> [Exercise]
Without including any picture, return the complete set of records exactly.

> [Records to process]
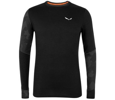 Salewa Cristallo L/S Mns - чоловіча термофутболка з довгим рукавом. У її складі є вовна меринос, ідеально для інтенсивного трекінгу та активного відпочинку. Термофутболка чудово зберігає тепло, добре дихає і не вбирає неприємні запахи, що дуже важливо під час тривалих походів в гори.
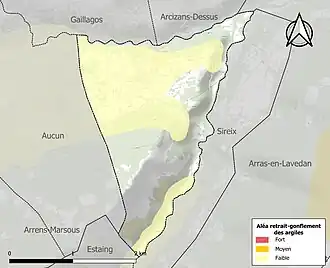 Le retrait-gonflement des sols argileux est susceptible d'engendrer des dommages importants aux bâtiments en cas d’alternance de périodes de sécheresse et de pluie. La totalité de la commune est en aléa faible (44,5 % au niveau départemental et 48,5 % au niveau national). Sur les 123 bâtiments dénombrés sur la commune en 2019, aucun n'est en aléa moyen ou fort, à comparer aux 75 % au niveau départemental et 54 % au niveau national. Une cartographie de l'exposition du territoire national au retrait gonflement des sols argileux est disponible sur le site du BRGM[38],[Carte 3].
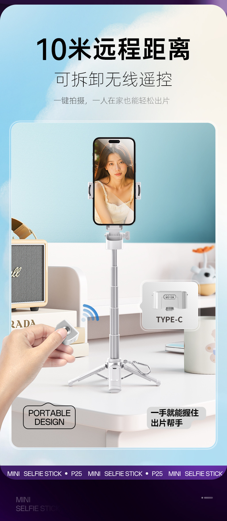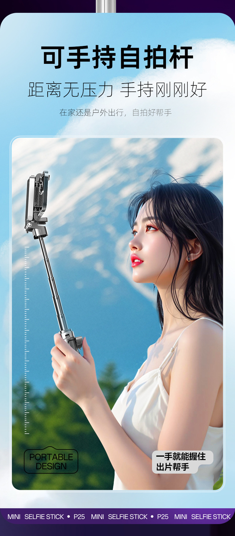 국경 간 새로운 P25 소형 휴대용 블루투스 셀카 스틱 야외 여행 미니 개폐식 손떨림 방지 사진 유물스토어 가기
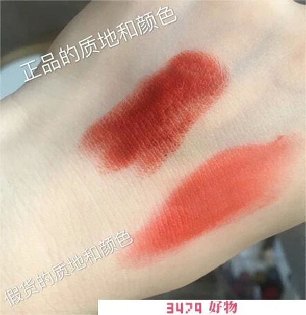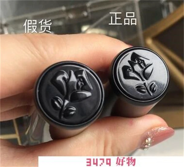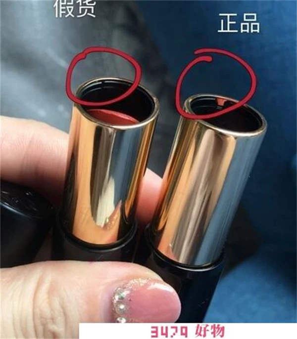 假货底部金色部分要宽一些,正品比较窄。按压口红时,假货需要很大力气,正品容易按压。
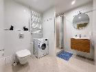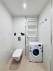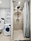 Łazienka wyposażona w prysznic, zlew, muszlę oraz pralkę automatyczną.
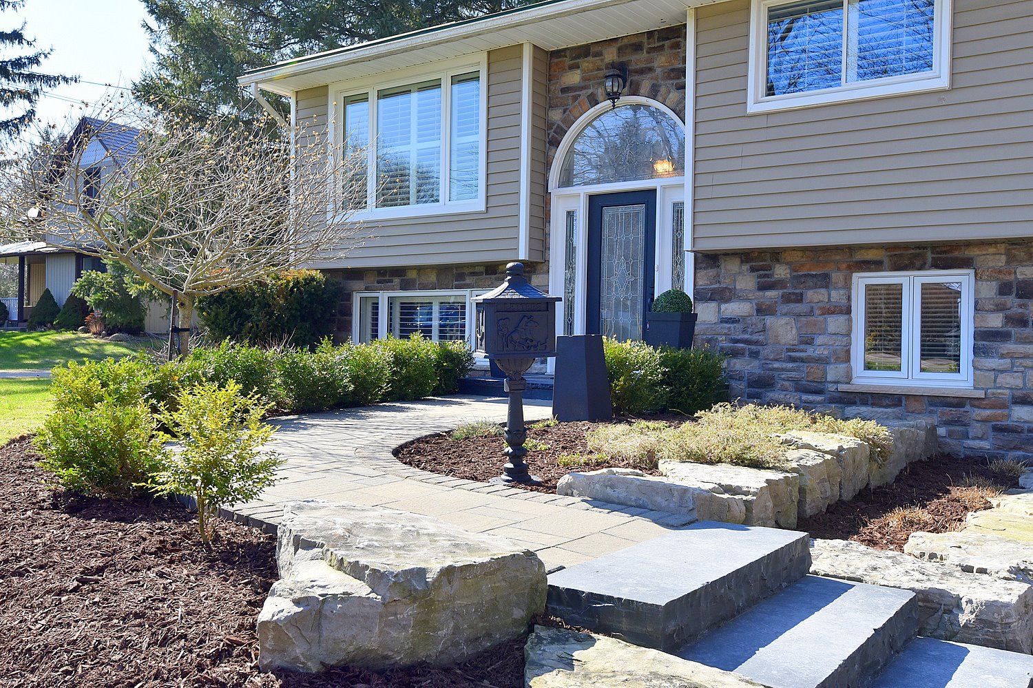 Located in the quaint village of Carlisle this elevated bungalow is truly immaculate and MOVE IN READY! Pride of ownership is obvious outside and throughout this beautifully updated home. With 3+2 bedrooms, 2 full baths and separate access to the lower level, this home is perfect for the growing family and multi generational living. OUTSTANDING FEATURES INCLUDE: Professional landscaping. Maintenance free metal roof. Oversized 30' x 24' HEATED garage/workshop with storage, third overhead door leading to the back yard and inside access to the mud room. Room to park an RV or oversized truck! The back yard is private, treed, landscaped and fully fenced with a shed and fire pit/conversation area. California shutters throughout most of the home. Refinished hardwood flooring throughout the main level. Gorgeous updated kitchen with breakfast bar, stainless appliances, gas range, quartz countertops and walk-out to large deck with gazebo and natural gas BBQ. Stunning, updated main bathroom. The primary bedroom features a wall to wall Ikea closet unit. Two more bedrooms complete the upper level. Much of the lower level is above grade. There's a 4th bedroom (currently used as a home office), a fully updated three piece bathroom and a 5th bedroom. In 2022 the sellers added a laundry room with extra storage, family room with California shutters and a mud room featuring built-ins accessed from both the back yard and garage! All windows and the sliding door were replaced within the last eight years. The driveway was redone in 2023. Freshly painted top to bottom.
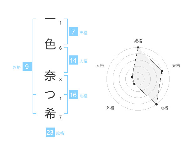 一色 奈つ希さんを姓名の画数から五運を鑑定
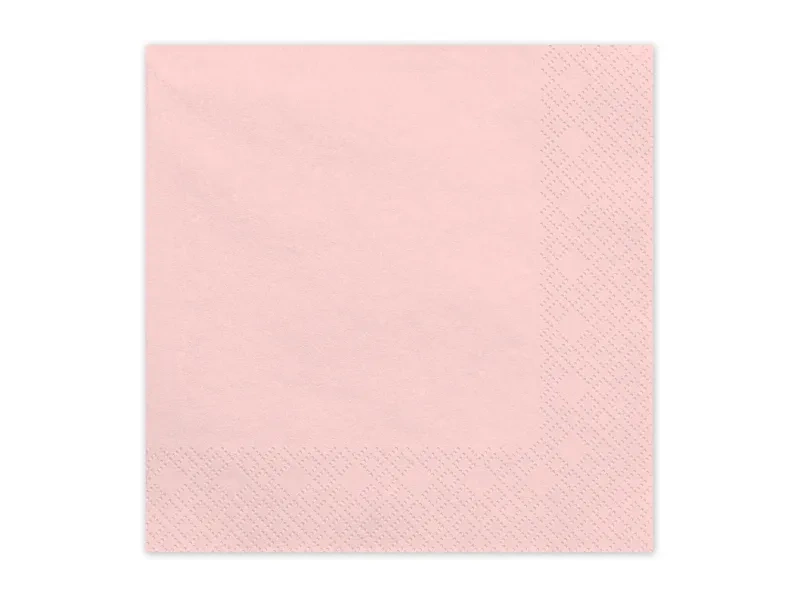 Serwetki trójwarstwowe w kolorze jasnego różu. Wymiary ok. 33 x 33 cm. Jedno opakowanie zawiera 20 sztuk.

> [Response to this exercise]
 Salewa Cristallo L/S Mns - чоловіча термофутболка з довгим рукавом. У її складі є вовна меринос, ідеально для інтенсивного трекінгу та активного відпочинку. Термофутболка чудово зберігає тепло, добре дихає і не вбирає неприємні запахи, що дуже важливо під час тривалих походів в гори.
 Le retrait-gonflement des sols argileux est susceptible d'engendrer des dommages importants aux bâtiments en cas d’alternance de périodes de sécheresse et de pluie. La totalité de la commune est en aléa faible (44,5 % au niveau départemental et 48,5 % au niveau national). Sur les 123 bâtiments dénombrés sur la commune en 2019, aucun n'est en aléa moyen ou fort, à comparer aux 75 % au niveau départemental et 54 % au niveau national. Une cartographie de l'exposition du territoire national au retrait gonflement des sols argileux est disponible sur le site du BRGM[38],[Carte 3].
 국경 간 새로운 P25 소형 휴대용 블루투스 셀카 스틱 야외 여행 미니 개폐식 손떨림 방지 사진 유물스토어 가기
 假货底部金色部分要宽一些,正品比较窄。按压口红时,假货需要很大力气,正品容易按压。
 Łazienka wyposażona w prysznic, zlew, muszlę oraz pralkę automatyczną.
 Located in the quaint village of Carlisle this elevated bungalow is truly immaculate and MOVE IN READY! Pride of ownership is obvious outside and throughout this beautifully updated home. With 3+2 bedrooms, 2 full baths and separate access to the lower level, this home is perfect for the growing family and multi generational living. OUTSTANDING FEATURES INCLUDE: Professional landscaping. Maintenance free metal roof. Oversized 30' x 24' HEATED garage/workshop with storage, third overhead door leading to the back yard and inside access to the mud room. Room to park an RV or oversized truck! The back yard is private, treed, landscaped and fully fenced with a shed and fire pit/conversation area. California shutters throughout most of the home. Refinished hardwood flooring throughout the main level. Gorgeous updated kitchen with breakfast bar, stainless appliances, gas range, quartz countertops and walk-out to large deck with gazebo and natural gas BBQ. Stunning, updated main bathroom. The primary bedroom features a wall to wall Ikea closet unit. Two more bedrooms complete the upper level. Much of the lower level is above grade. There's a 4th bedroom (currently used as a home office), a fully updated three piece bathroom and a 5th bedroom. In 2022 the sellers added a laundry room with extra storage, family room with California shutters and a mud room featuring built-ins accessed from both the back yard and garage! All windows and the sliding door were replaced within the last eight years. The driveway was redone in 2023. Freshly painted top to bottom.
 一色 奈つ希さんを姓名の画数から五運を鑑定
 Serwetki trójwarstwowe w kolorze jasnego różu. Wymiary ok. 33 x 33 cm. Jedno opakowanie zawiera 20 sztuk.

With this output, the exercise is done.